Nancy interrompeu-a:
— Nem precisa continuar com isso, tudo bobagem. Só lamento que o homem do sonho não estava nu. Estou louca por uma promoção.
Lia e Onofre riram, quebrando o clima de tensão. Onofre pigarreou:
— Se me permitem uma opinião, acho que esse livro está certo numa coisa, sim.
As duas quase falaram ao mesmo tempo:
— No quê?
— Leia de novo a parte que fala sobre os gêmeos.
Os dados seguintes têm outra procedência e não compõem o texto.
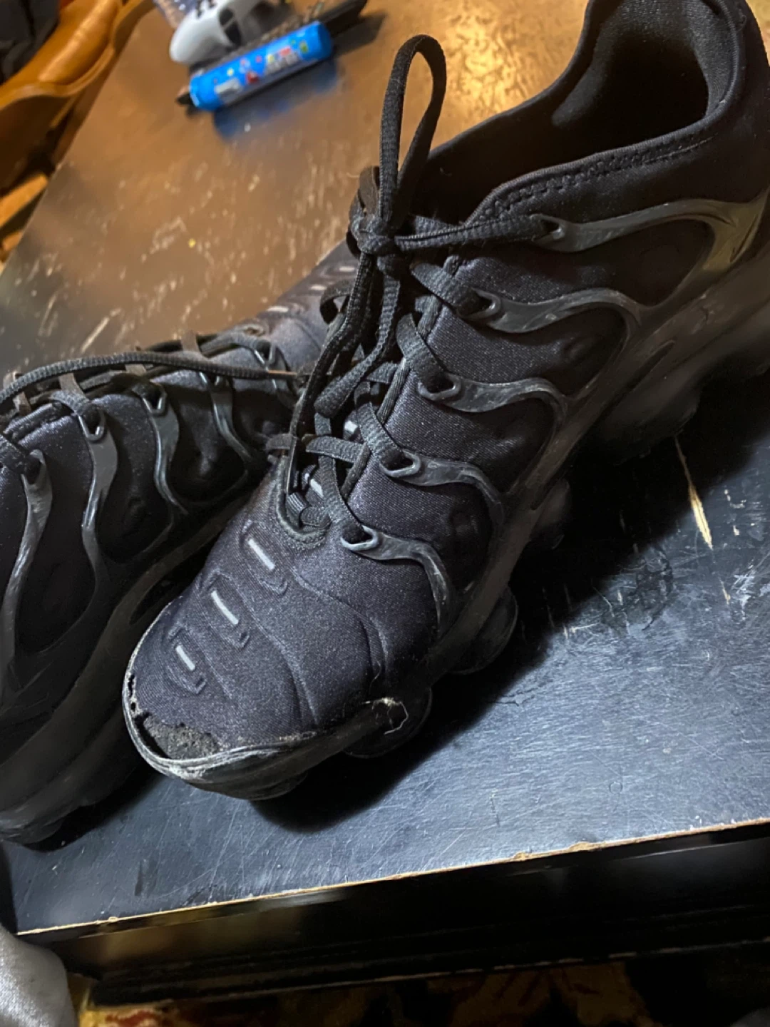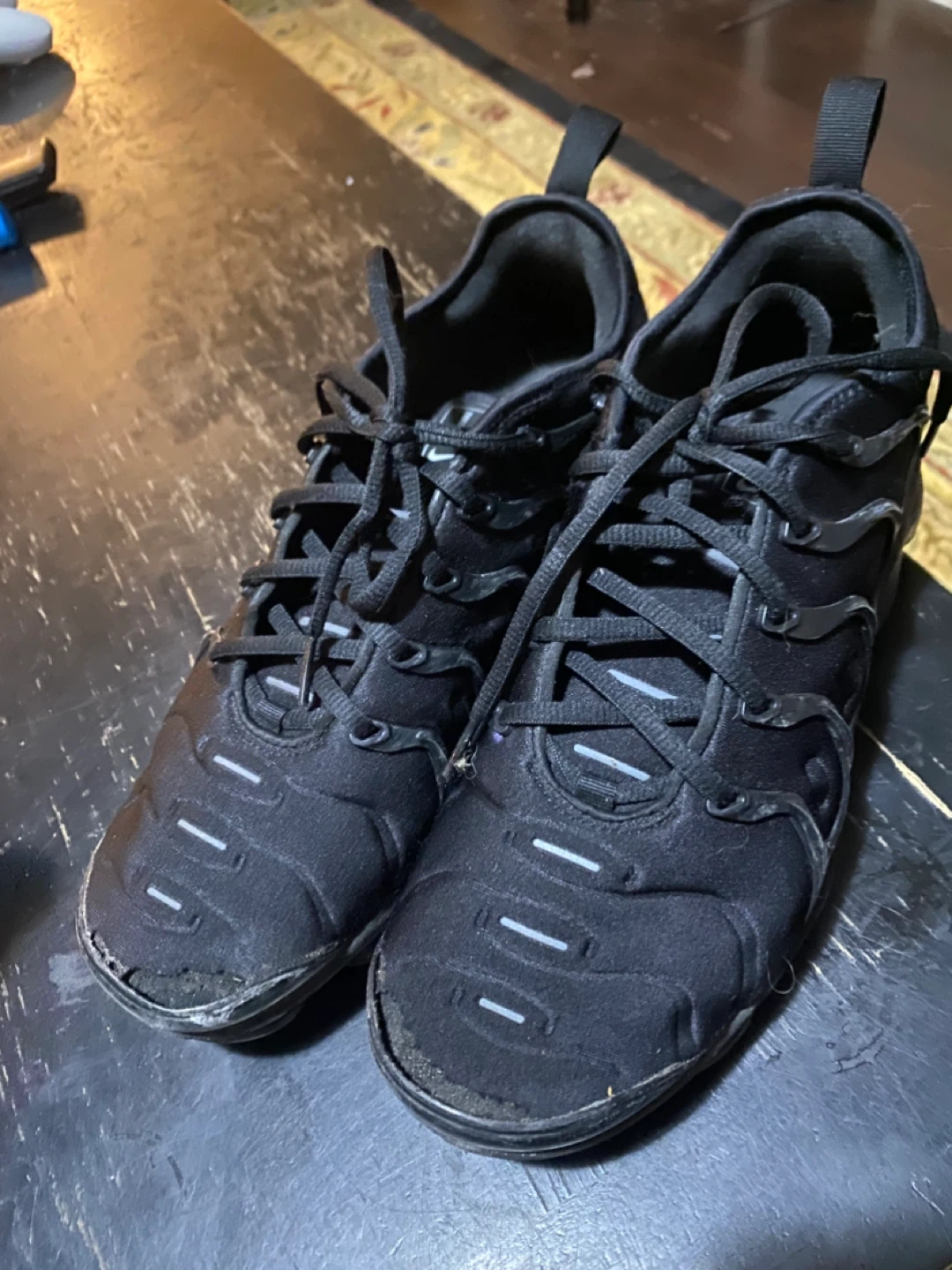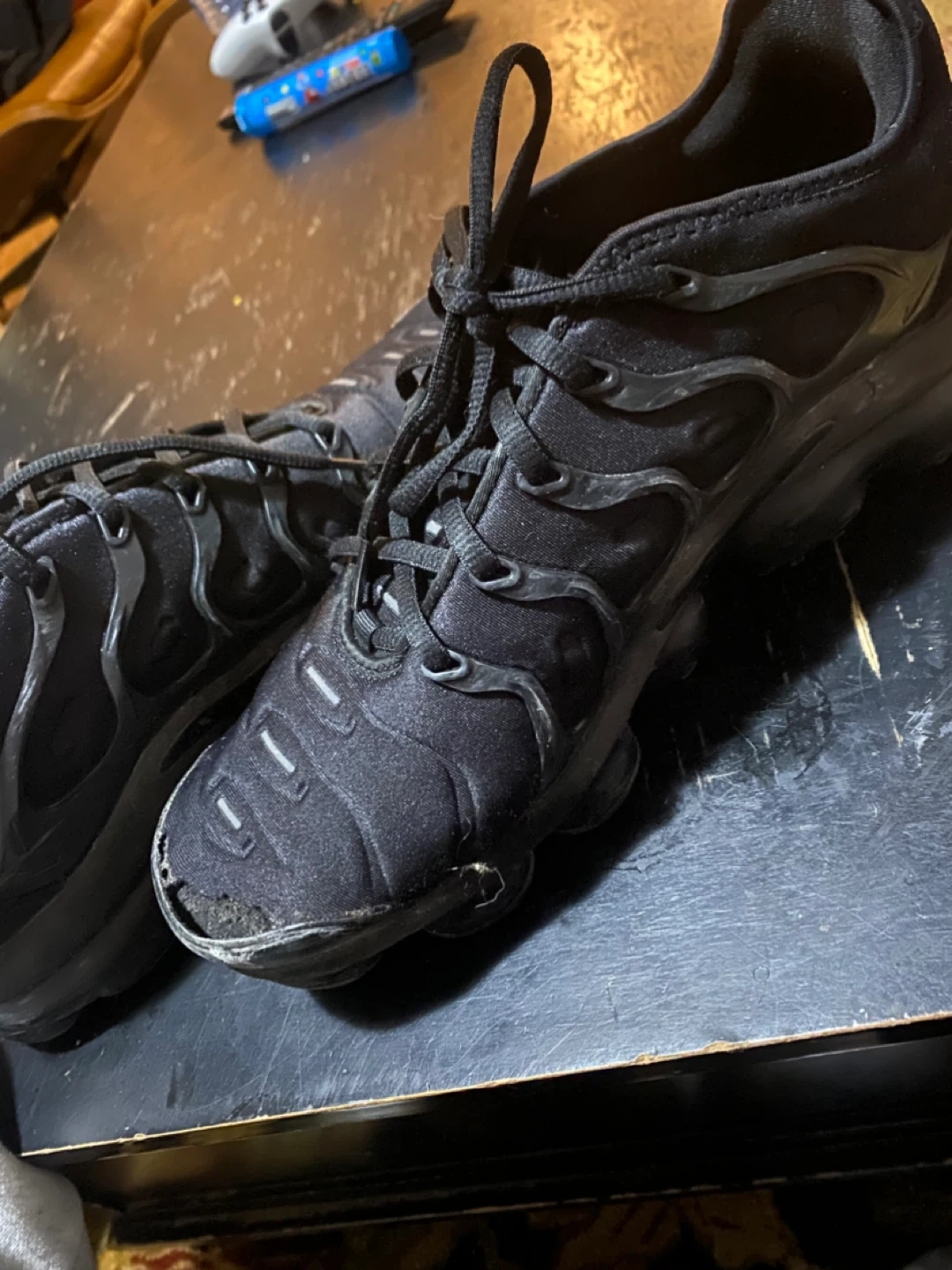 Selling a pair of Nike Air VaporMax Plus sneakers in black. They show some signs of wear, as you can see in the photos.

Lia abriu o livro mais uma vez e releu. Onofre assumiu uma postura de intelectual, muito comum a ele. Reiterou, misterioso:
— Somente a última frase, por favor.
— Deixa eu ver... Ah, sim! — Lia logo entendeu o pedido. — Acho que já sei aonde quer chegar: "Seja qual for a imagem vivida pelo sonhador, somente ele pode interpretá-lo, porque é o único que conhece o seu consciente".
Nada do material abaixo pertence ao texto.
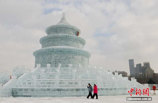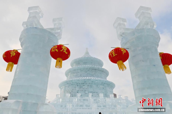 1月12日,在長春市的文化廣場上,一座以北京天壇祈年殿為原型的巨型冰雕成為冬日一景。冰雕高約21米,用冰量5010立方米,飛檐、殿頂?shù)葌鹘y(tǒng)建筑細(xì)節(jié)均被精準(zhǔn)復(fù)刻,陽光下晶瑩剔透,配合紅燈籠冰柱點(diǎn)綴,盡顯中式浪漫韻味,吸引眾多游客前來拍照打卡。中新社記者 張瑤 攝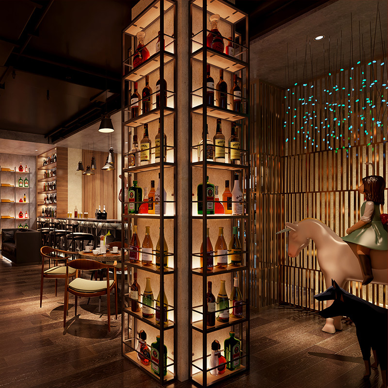 Wrought iron wine rack Screen beer rack Bar wall wine partition Winery bar creative bar wine cabinet shelf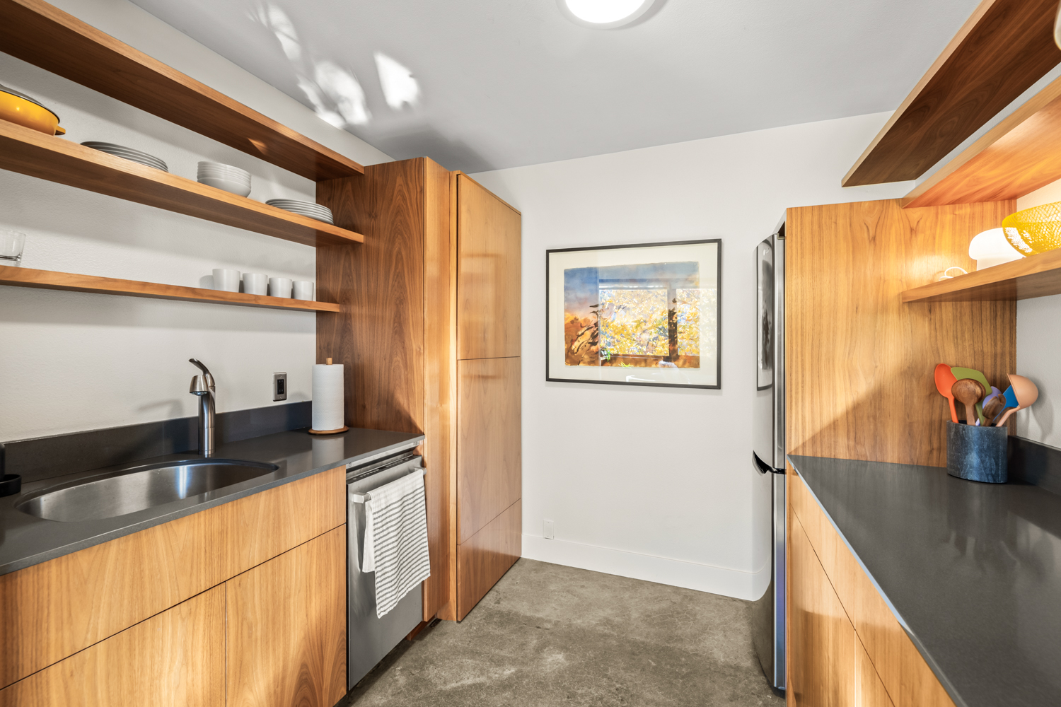 Experience the cozy, urban charm of this inviting Goose Hollow condo! Thoughtfully updated throughout, this warm and stylish home features modern concrete floors, Caesarstone countertops, rich walnut cabinetry, and stainless-steel appliances. As a top-floor unit, it offers an open and airy feel with lovely views of the West Hills. You’ll appreciate the in-unit washer/dryer, spacious walk-in closet, custom built-ins, and the convenience of deeded garage parking and storage. Nestled close to the MAX rail, bus lines, downtown, NW, OHSU, the MAC Club, Providence Park, and Washington Park, this condo is perfect for enjoying the best of Portland city living!

Onofre fitou as duas com os olhos verdes:
— Percebem? Em minha opinião, essa frase é a única coerente de toda a sua leitura, mas só se tornou coerente porque excluímos o que não tem sentido. E ela devia ser usada não só para quem sonha com gêmeos, mas para todo tipo de sonho. Respeito a oniromancia, que é a adivinhação pelos sonhos, mas sou da opinião de que só a própria pessoa, qualquer que seja o caso, pode tirar qualquer conclusão sobre os próprios sonhos. No máximo nós podemos tentar ajudar a interpretar, mas a partir do que a própria pessoa afira sobre eles.
— Afira?
— Sim, do verbo aferir... Verificar. Não se pode dizer que sonhar com isso signifique aquilo, pois o que vai no consciente e subconsciente de cada um, é particular e único, só a própria pessoa conhece. E só ela, portanto, pode emitir uma opinião sobre seus próprios sonhos.
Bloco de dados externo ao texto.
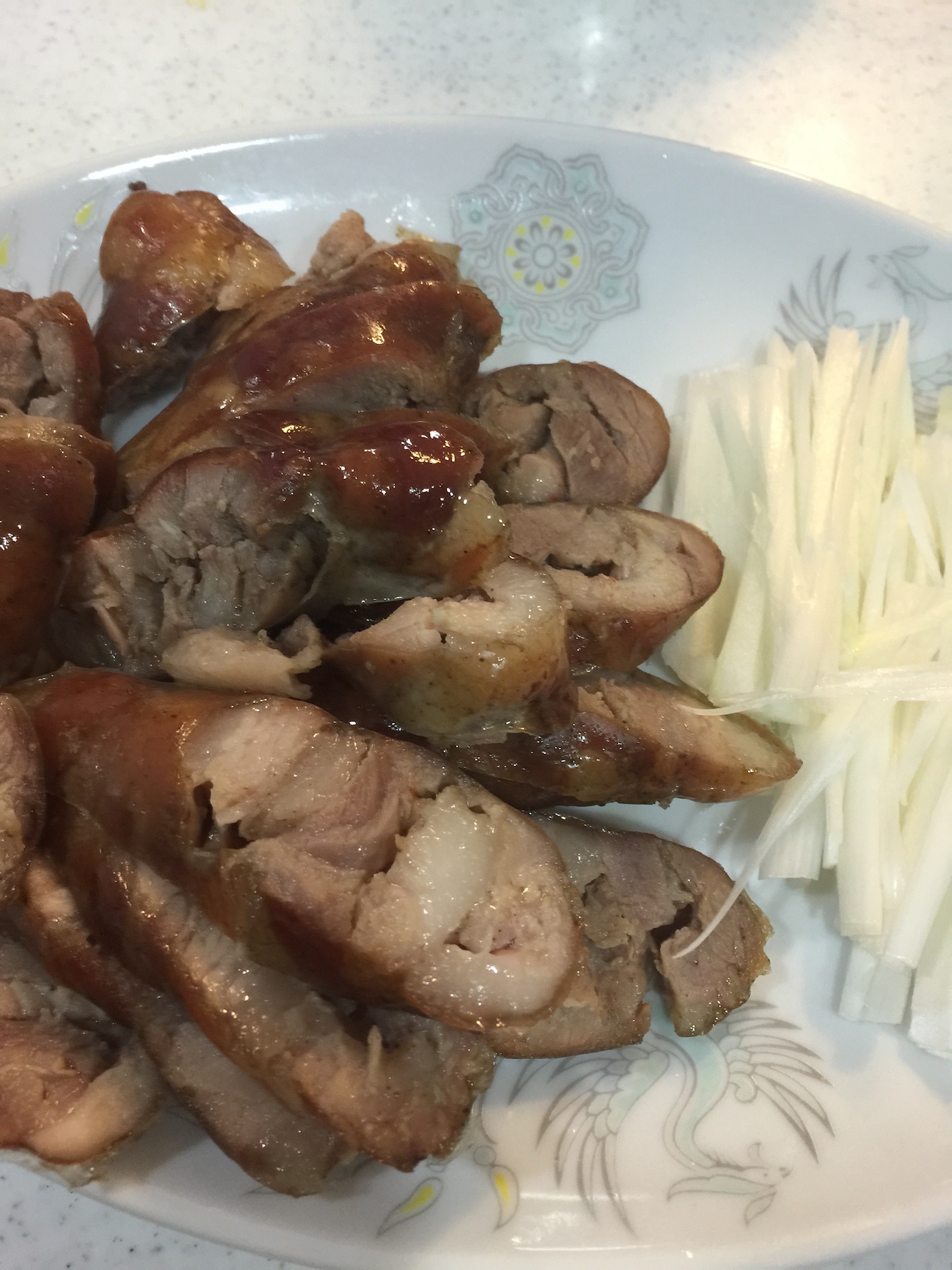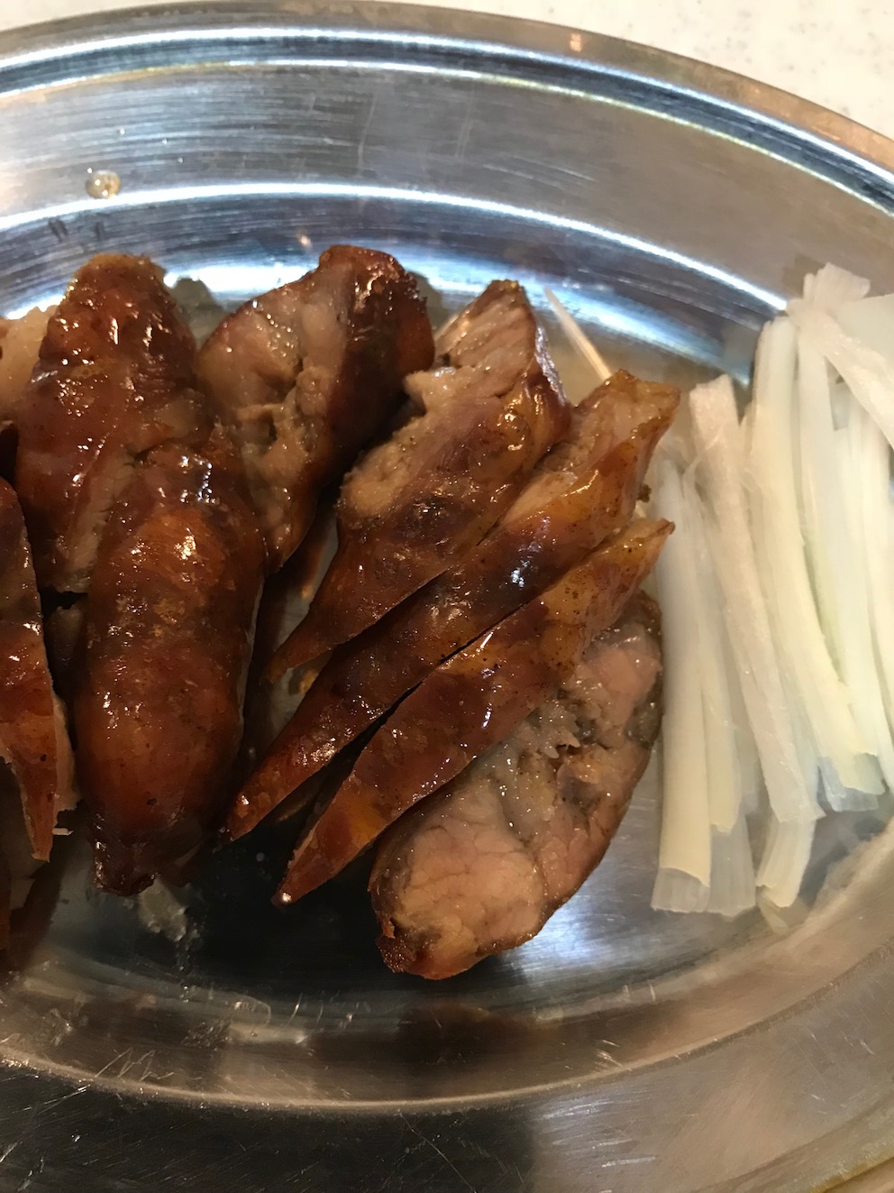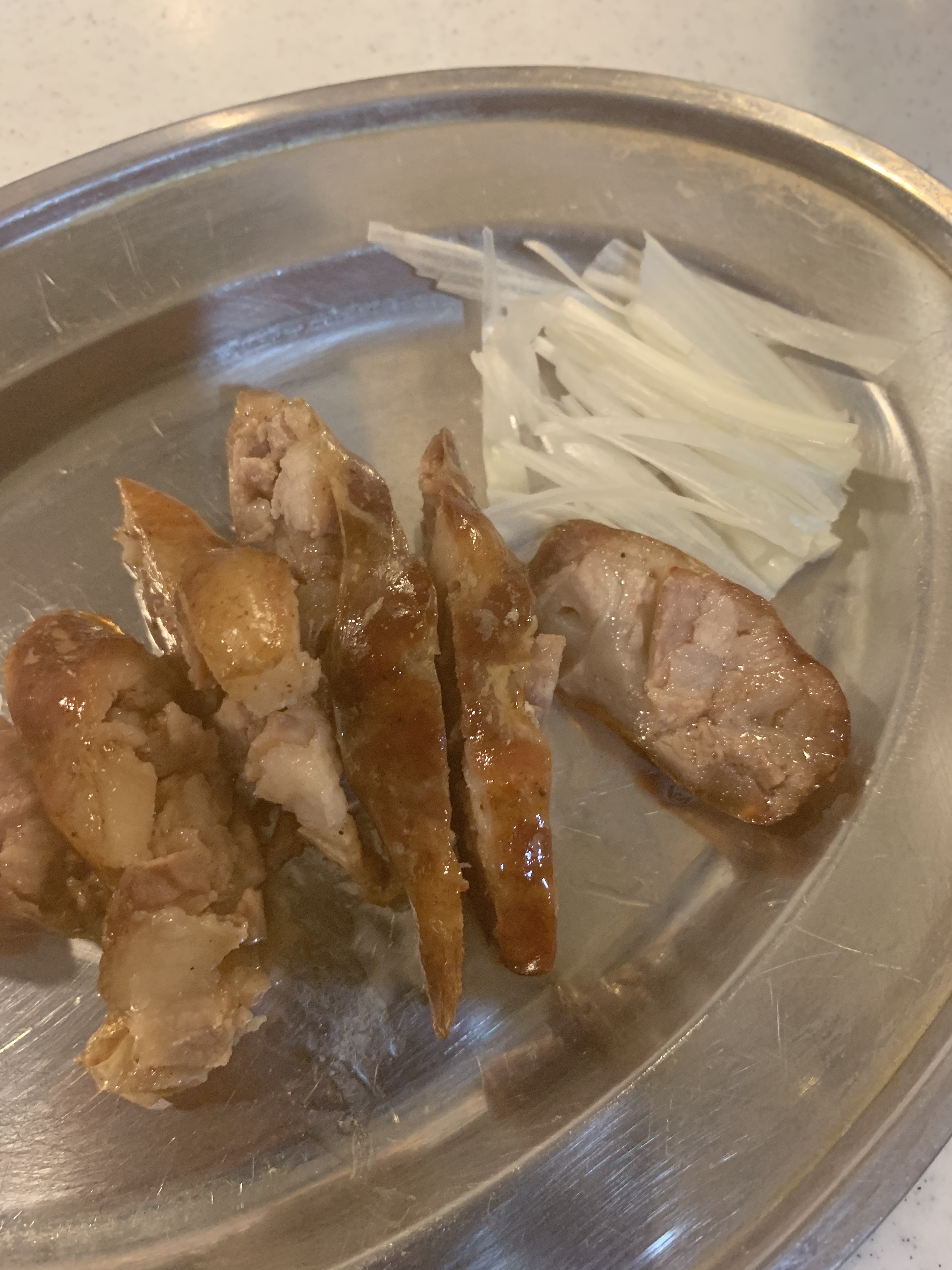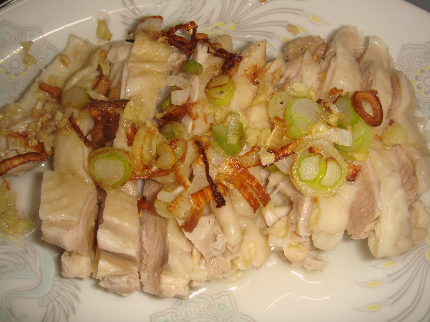白切鶏。ネギを少し焦がして風味をつけてみた。

— Então o senhor acha tudo isso bobagem?
— Diria que esse livro beira mais à crendice e ao supersticioso, pois parece querer adivinhar, relacionando os sonhos aos fatos ordinários da vida. Ele generaliza e até banaliza. Teríamos que ver o que Sigmund Freud disse a respeito, mas confesso, sou quase leigo no assunto. Ele escreveu um livro chamado "A Interpretação dos Sonhos". Eu não li, mas sei que ele diz que os sonhos representam desejos reprimidos, muitas vezes não realizados devido aos impositivos da sociedade. Quando dormimos, a mente relaxa e baixa a guarda, deixando o inconsciente agir de forma livre sobre o consciente. Segundo a psicanálise, portanto, os sonhos são um excelente caminho para o nosso psiquismo.
Nancy riu:
— Quer dizer que tenho o desejo secreto de assassinar alguém? Tome cuidado, hem, Lia?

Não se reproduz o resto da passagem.